[EXERCISE]:
Would you copy the records below, exactly and only from their first line through the line containing "En gulvovn i", without any pictures?

(INPUT RECORDS)

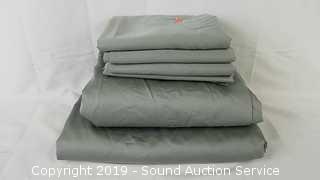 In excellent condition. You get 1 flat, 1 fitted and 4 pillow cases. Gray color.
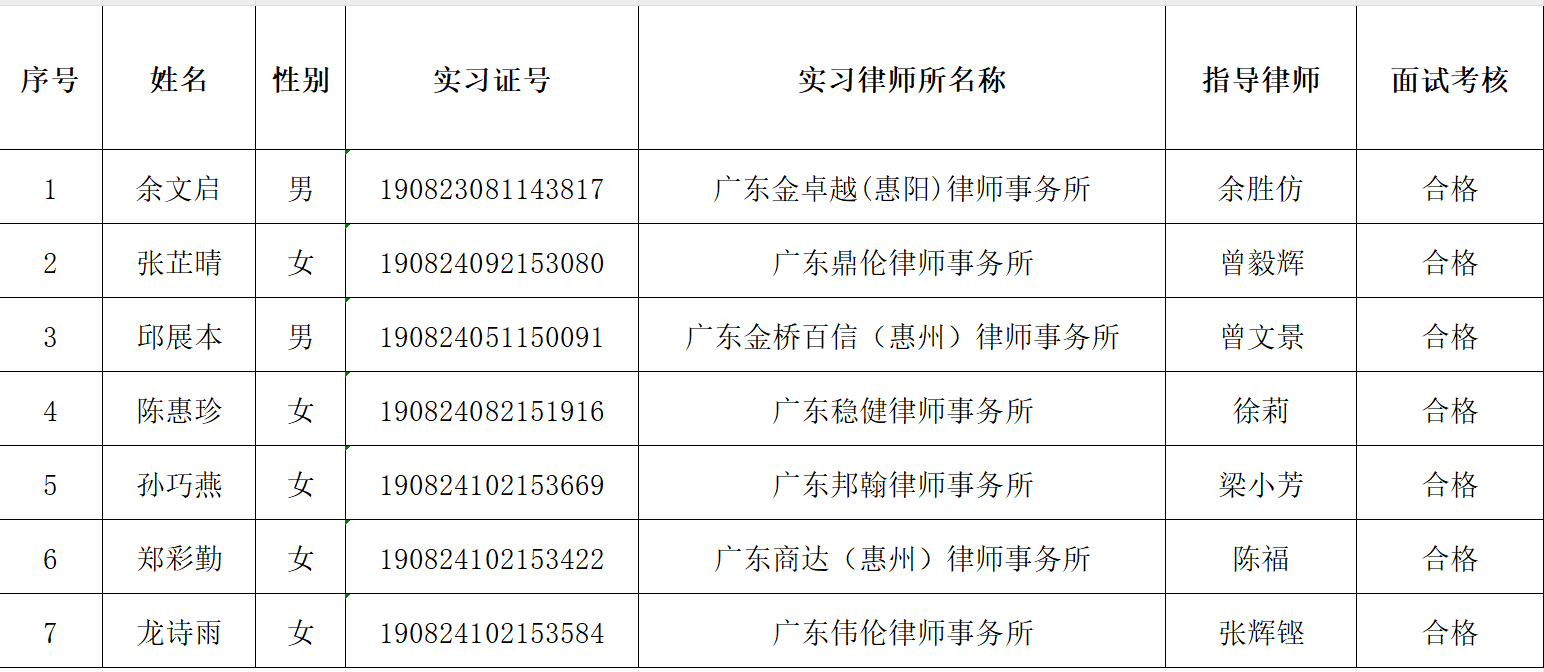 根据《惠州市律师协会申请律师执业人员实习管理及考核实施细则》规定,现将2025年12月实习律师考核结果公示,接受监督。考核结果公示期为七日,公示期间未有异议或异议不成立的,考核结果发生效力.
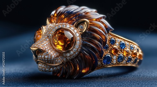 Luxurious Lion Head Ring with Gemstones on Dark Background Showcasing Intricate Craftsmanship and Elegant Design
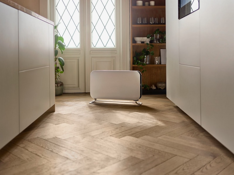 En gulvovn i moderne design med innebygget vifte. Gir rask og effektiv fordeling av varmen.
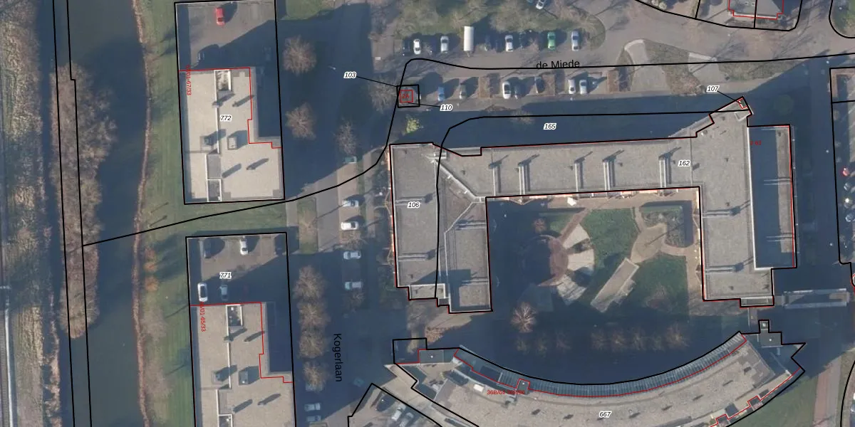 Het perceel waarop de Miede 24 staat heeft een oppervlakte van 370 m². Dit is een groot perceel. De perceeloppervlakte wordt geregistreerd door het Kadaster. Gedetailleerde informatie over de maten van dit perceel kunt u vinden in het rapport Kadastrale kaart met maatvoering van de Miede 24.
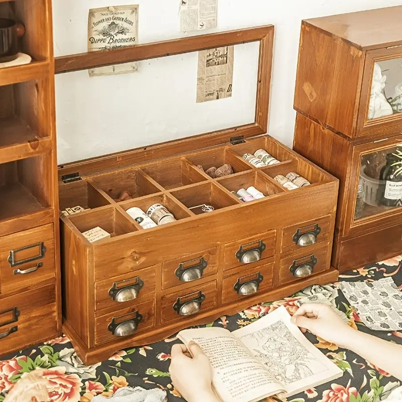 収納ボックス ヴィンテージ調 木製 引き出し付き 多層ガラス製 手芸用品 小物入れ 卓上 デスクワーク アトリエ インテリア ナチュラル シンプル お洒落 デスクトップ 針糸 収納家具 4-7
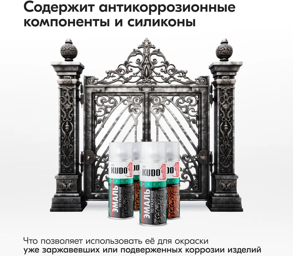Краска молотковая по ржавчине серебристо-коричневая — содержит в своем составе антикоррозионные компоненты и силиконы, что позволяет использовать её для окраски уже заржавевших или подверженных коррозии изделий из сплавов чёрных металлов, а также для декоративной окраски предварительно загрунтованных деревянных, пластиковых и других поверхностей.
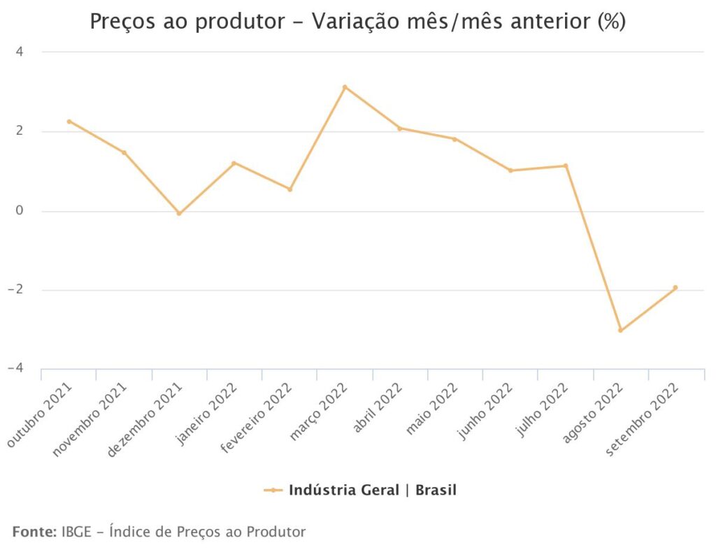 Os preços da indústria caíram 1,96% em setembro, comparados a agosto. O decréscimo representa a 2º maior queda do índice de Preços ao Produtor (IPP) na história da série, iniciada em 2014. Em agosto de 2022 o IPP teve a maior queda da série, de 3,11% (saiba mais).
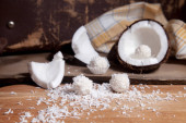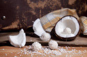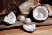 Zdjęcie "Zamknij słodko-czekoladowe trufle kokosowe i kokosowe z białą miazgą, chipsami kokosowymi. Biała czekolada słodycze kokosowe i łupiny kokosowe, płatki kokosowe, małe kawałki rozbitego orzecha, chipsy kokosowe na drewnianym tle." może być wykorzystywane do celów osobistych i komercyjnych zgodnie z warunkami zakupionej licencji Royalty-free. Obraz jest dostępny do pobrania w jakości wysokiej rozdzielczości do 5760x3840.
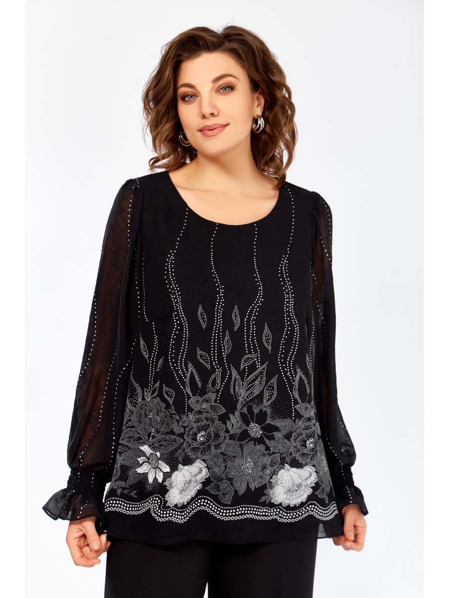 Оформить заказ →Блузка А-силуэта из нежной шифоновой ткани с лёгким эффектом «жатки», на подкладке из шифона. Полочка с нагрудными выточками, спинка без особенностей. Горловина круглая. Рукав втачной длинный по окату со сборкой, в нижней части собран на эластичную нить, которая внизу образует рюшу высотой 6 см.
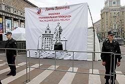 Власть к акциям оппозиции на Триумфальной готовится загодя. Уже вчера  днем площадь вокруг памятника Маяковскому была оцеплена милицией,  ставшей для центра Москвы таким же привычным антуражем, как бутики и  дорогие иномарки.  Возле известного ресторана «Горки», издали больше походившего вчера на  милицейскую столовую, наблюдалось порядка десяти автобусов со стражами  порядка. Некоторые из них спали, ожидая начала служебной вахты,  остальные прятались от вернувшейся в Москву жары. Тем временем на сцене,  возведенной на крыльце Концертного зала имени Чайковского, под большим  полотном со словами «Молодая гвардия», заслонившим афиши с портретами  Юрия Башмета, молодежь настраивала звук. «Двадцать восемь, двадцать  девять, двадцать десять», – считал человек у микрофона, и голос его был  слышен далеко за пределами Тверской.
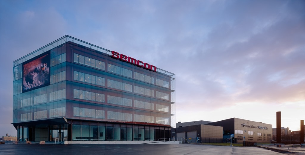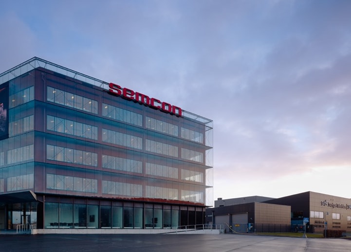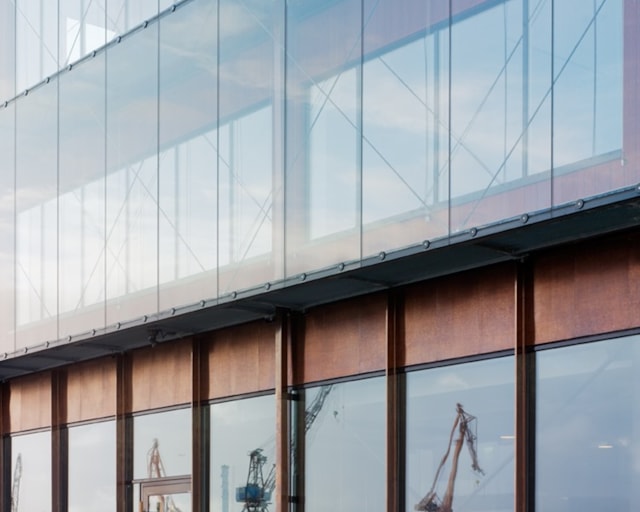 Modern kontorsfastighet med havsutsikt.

(End INPUT RECORDS)

[RESPONSE BOX]:
 In excellent condition. You get 1 flat, 1 fitted and 4 pillow cases. Gray color.
 根据《惠州市律师协会申请律师执业人员实习管理及考核实施细则》规定,现将2025年12月实习律师考核结果公示,接受监督。考核结果公示期为七日,公示期间未有异议或异议不成立的,考核结果发生效力.
 Luxurious Lion Head Ring with Gemstones on Dark Background Showcasing Intricate Craftsmanship and Elegant Design
 En gulvovn i moderne design med innebygget vifte. Gir rask og effektiv fordeling av varmen.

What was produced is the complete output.